他一愣,慢慢平静下来。
我想了下,决定还是打开那个箱子看看,不管感觉有多不好,也许里面的东西,能够给我们一点启示也未必。对此,玄麒没有表态,只是看着我把箱子拿出来放在茶几上。我看了他一眼,发现他有点紧张,大概是因为那种莫名的恐惧吧。
箱子是很普通的旅行箱,没有什么机关,打开后,首先看到的是一颗动物头颅,把我们都吓了一跳,然后,惊吓便被惊讶取代——头颅下面压着一张银光闪闪的皮毛。
“狗?”半晌,玄麒看着这个鼻子耳朵尖尖的头颅问。
“狗的鼻子没有这么尖吧……”我不确定,因为看起来确实有点像狗。
“拿出来看看?”他问我的意见。
我摇头:“还是不要,谁知道拿出来会发生什么事。”
说完,我翻了翻箱子里仅有的几个口袋,都是空的,连一点屑都没有,看来,是不大会留下什么启示了。
“难道是传家宝?”他又开始乱猜。
“不知道。”我有点不耐烦起来,猛地合上箱子,仍旧放回原处,然后窝在沙发上,什么都不想干,也不想说话,心里乱七八糟的,一会儿一个念头,一会儿一个想法,完全没有头绪。
等回过神来的时候,窗外已是一片夕阳的灿烂的红,我重重地叹了口气,站起来活动有些僵硬的关节,玄麒早就回房间了,房门关着,大概在里面玩电脑吧。
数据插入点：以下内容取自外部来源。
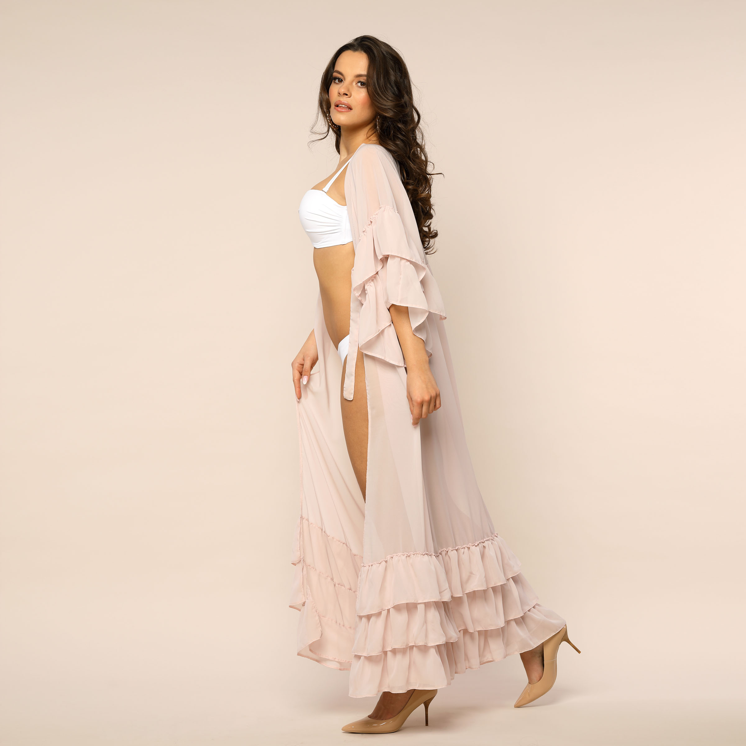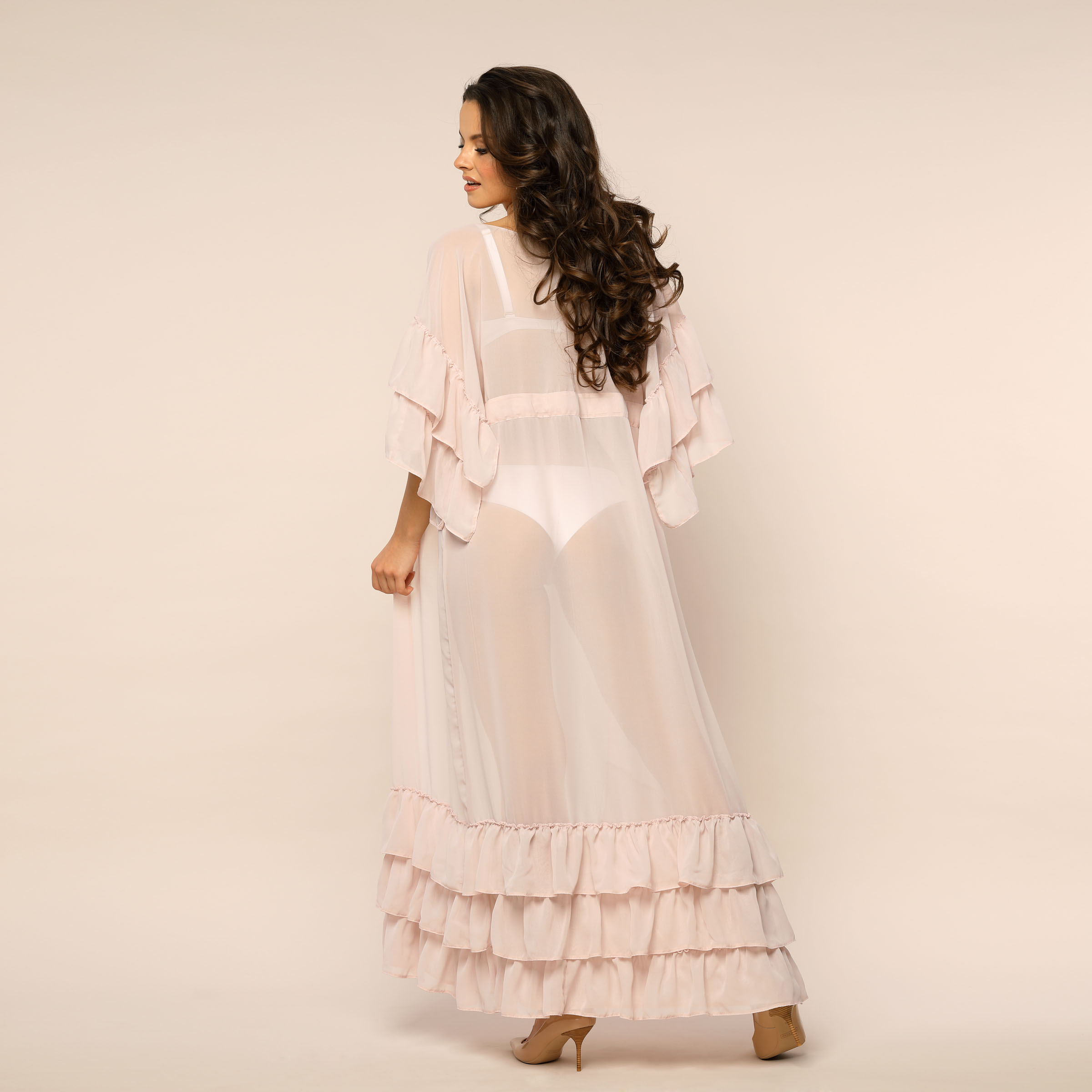 Struktura tkaniny delikatnie prześwituje, dzięki czemu każda sylwetka znakomicie się pod nią prezentuje. Krój do kostek przysłania pośladki i zapewnia atrakcyjny wygląd nóg. Rękawy za łokieć chronią ramiona oraz ręce przed nadmierną opalenizną. Pasek ściągający w talii można zawiązać na ozdobną kokardę. Podkreśla wcięcie i sprawia, że materiał miękko spływa w dół, eksponując biodra. Podwójne falbany na rękawach i potrójne na dole sukienki nadają jej wymowny, romantyczny charakter. Pudrowy kolor cudownie podkreśla złocistą opaleniznę.

“青鸾青鸾快帮我!”又是这个细小的声音,出现得毫无征兆,接着,小小的胎儿的身体在我面前的空气中慢慢浮现出来,但是这次,它说话不再是断断续续,而是相当急促。
“你到底有什么心愿未了,快说,说了我才能帮你。”我已经觉得相当无奈了。
“砍!砍!”它指着脐带说。
我举起匕首,但是却犹豫起来,不敢贸然动手,不知道脐带会不会像前两次一样缠上它的脖子,也不知道砍了脐带之后会发生什么事情,是有利还是有害。
“砍!”胎儿的声音倏地尖锐起来,眼睛一下睁得大得连眼角都开裂了,渗出血来,几乎占满整个眼眶的黑色眼珠,一动不动地瞪着我。与此同时,脑中像被什么穿透了似的,突如其来的疼痛使我几乎昏倒。
“砍!砍……”胎儿的声音一遍遍在脑中回响,我眼前渐渐模糊,直到一片漆黑,耳朵里除了嗡嗡声什么都听不见,只觉得天旋地转,疼痛不断加剧,脑袋几乎要裂开。就在快要失去意识的时候,忽然有一只手放在我头顶,然后便是惬意的温暖感觉,所有的不适瞬间缓解了,视觉和听觉慢慢恢复。
周围竟然很安静,我面前是一双穿着牛仔裤的腿。
“怎么样,可以站起来吗?”腿的主人问道。